**Problem requirements:** Only the lines from the one containing "هيكل عالي التحمل: الرافعة" to the end of the data should be copied, exactly and without pictures.

:: Recorded information

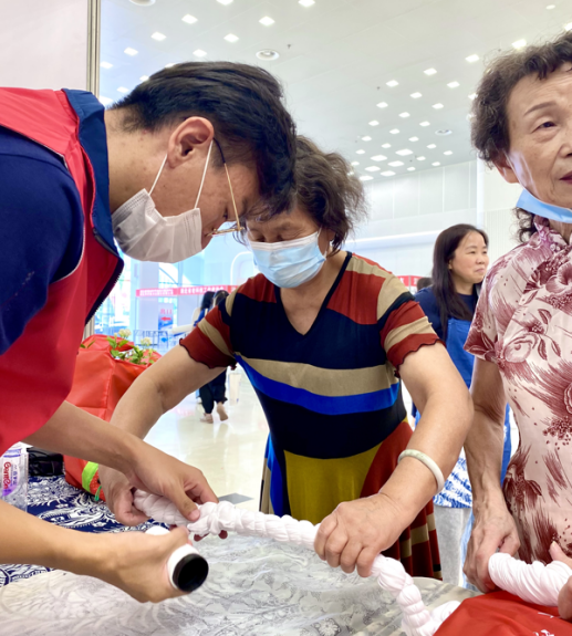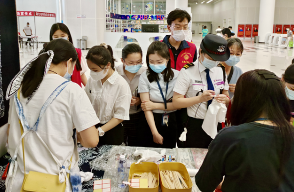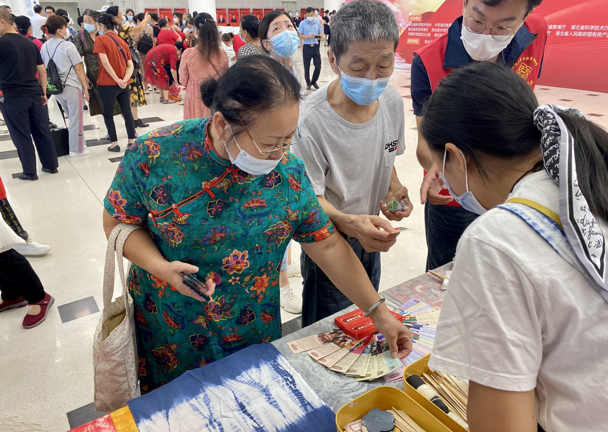 活动现场,民族学博物馆志愿者队伍带来了扎染工艺品和扎染体验。扎染是中国民间传统而独特的染色工艺,分为扎结和染色两部分。它是通过纱、线、绳等工具,对织物进行扎、缝、缚、缀、夹等多种形式组合后进行染色,最终形成各种形状的花纹。扎染工艺品一经展出便吸引了大量游客驻足欣赏,大家纷纷惊叹民族传统手工艺技术的精湛与神奇。
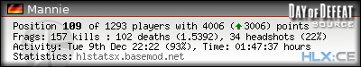 | Rank | Server | Kills | % | Ratio | Deaths | K:D | Headshots | Percentage of Headshots | % | HS:K |
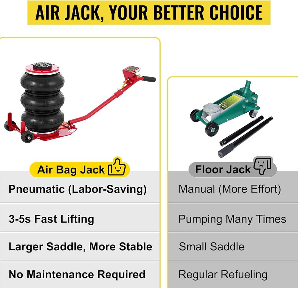 هيكل عالي التحمل: الرافعة الهوائية الخاصة بنا مصنوعة من الفولاذ عالي القوة الذي يجعل الجسم بالكامل قويًا ومتينًا. لن تتسرب الوسائد الهوائية محكمة الغلق أو تتعرض للخدش. بالإضافة إلى ذلك، فإن عجلاتنا مناسبة بشكل أفضل لجميع التضاريس، مما يساعدك على الحفاظ على سيارتك في أي وقت وفي أي مكان.
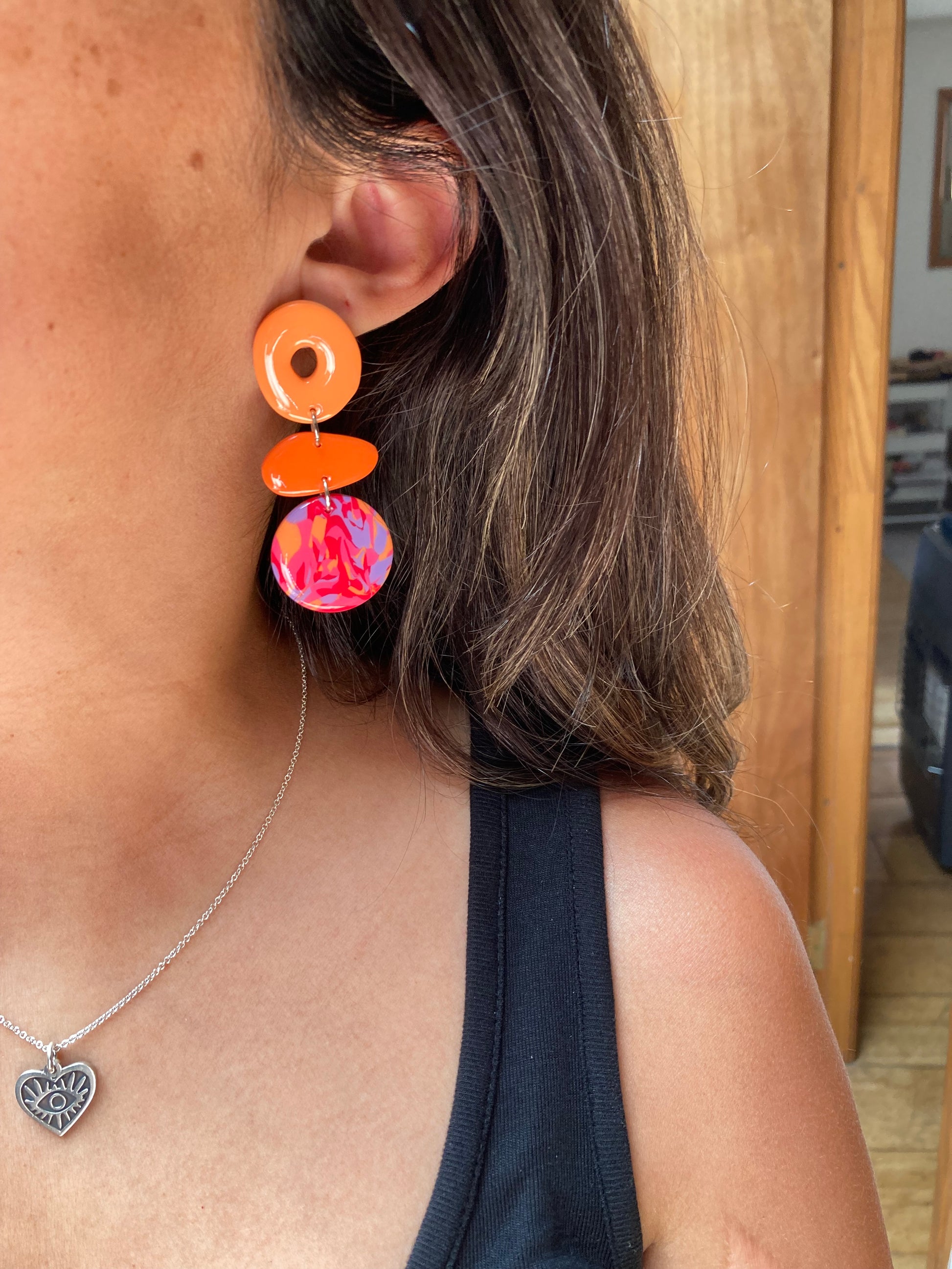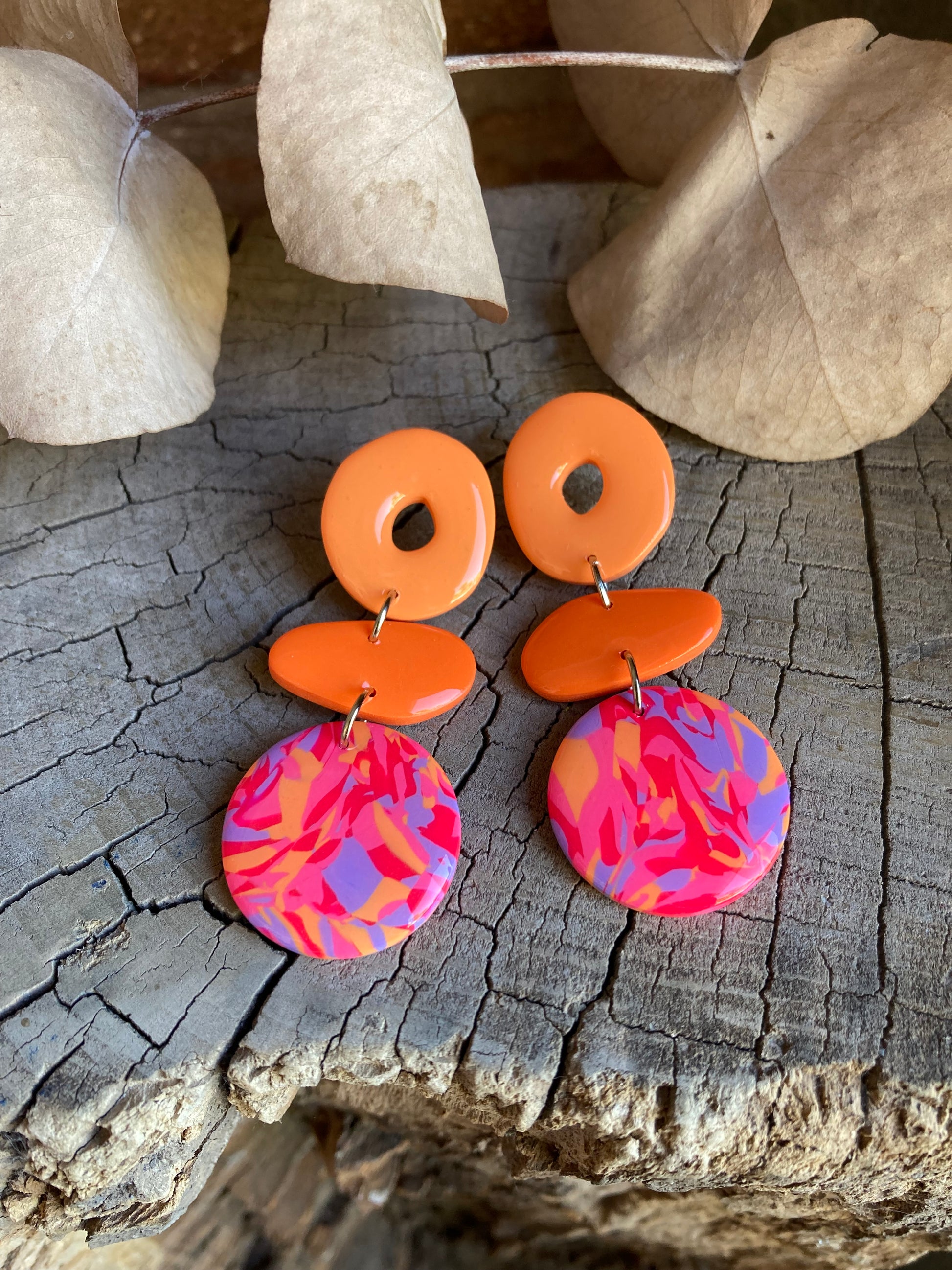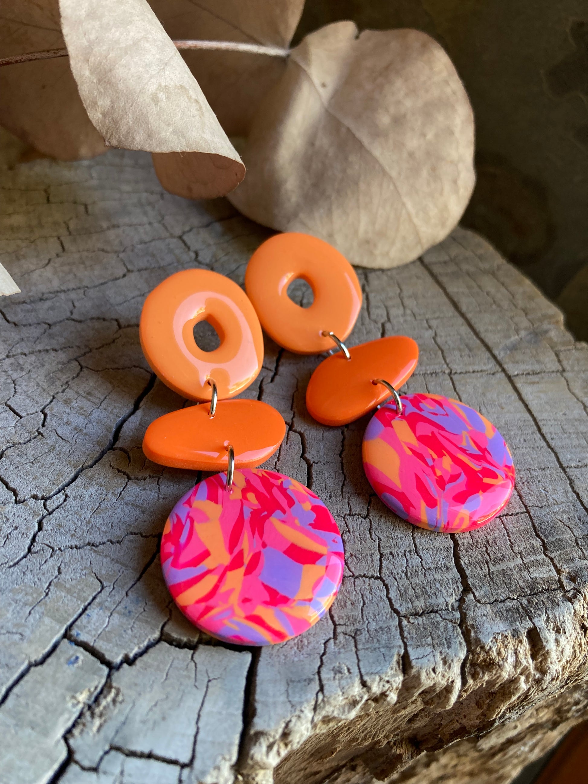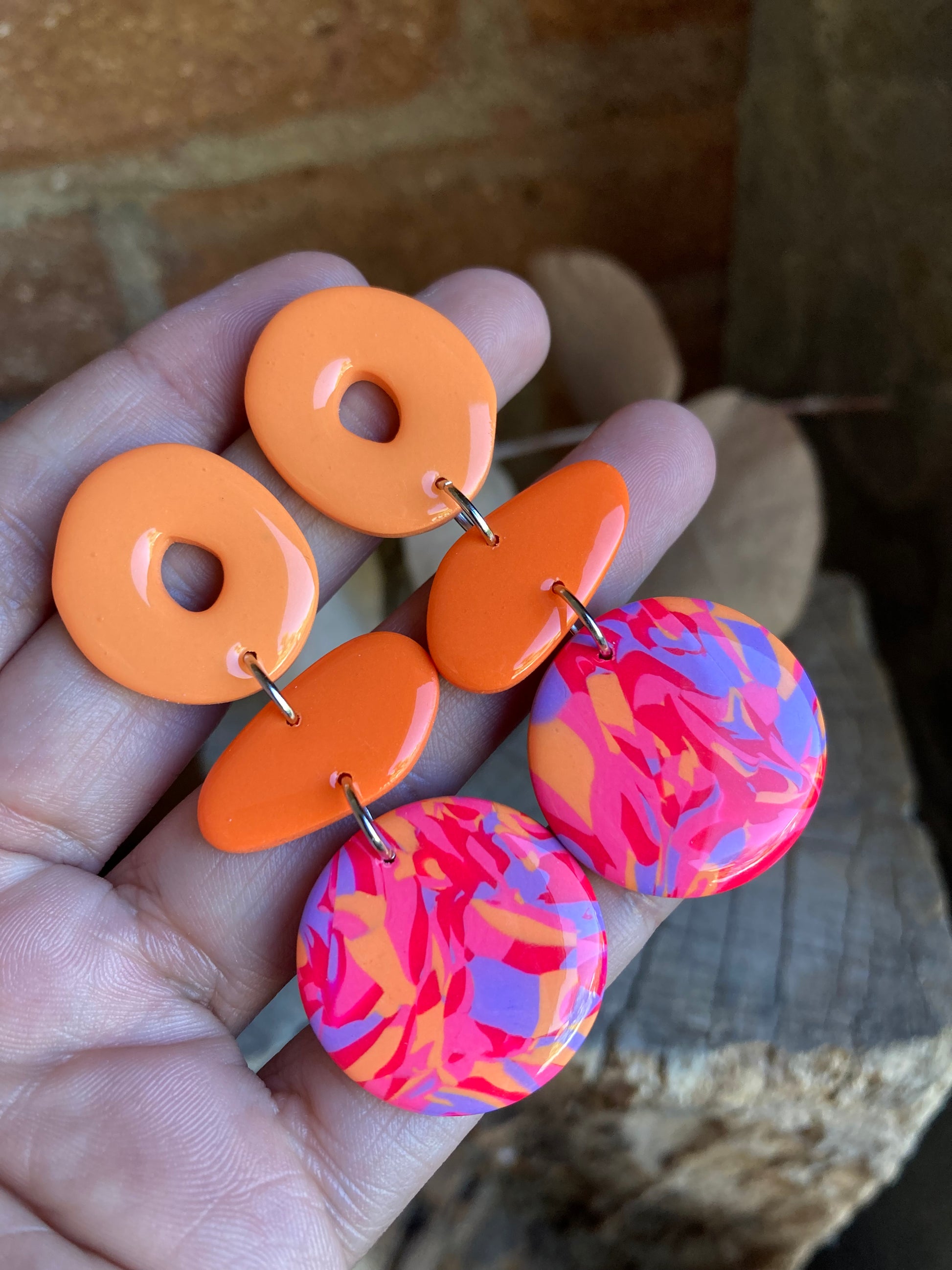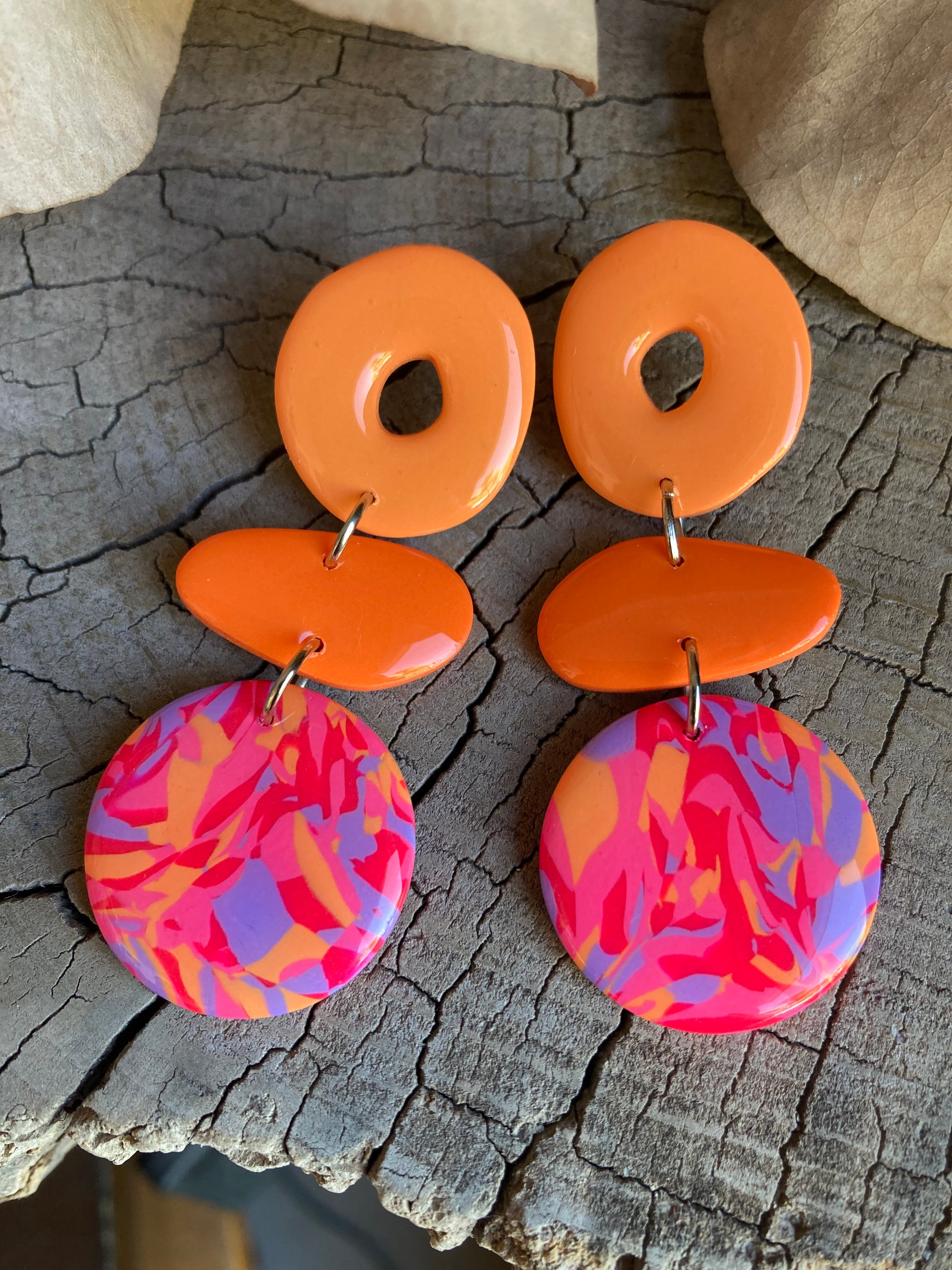 Aros de arcilla polimérica con top coat de resina uv. Miden 6,5 cms. Palito de acero quirúrgico y tope de goma.

::::

**Answer to the problem:**
 هيكل عالي التحمل: الرافعة الهوائية الخاصة بنا مصنوعة من الفولاذ عالي القوة الذي يجعل الجسم بالكامل قويًا ومتينًا. لن تتسرب الوسائد الهوائية محكمة الغلق أو تتعرض للخدش. بالإضافة إلى ذلك، فإن عجلاتنا مناسبة بشكل أفضل لجميع التضاريس، مما يساعدك على الحفاظ على سيارتك في أي وقت وفي أي مكان.
 Aros de arcilla polimérica con top coat de resina uv. Miden 6,5 cms. Palito de acero quirúrgico y tope de goma.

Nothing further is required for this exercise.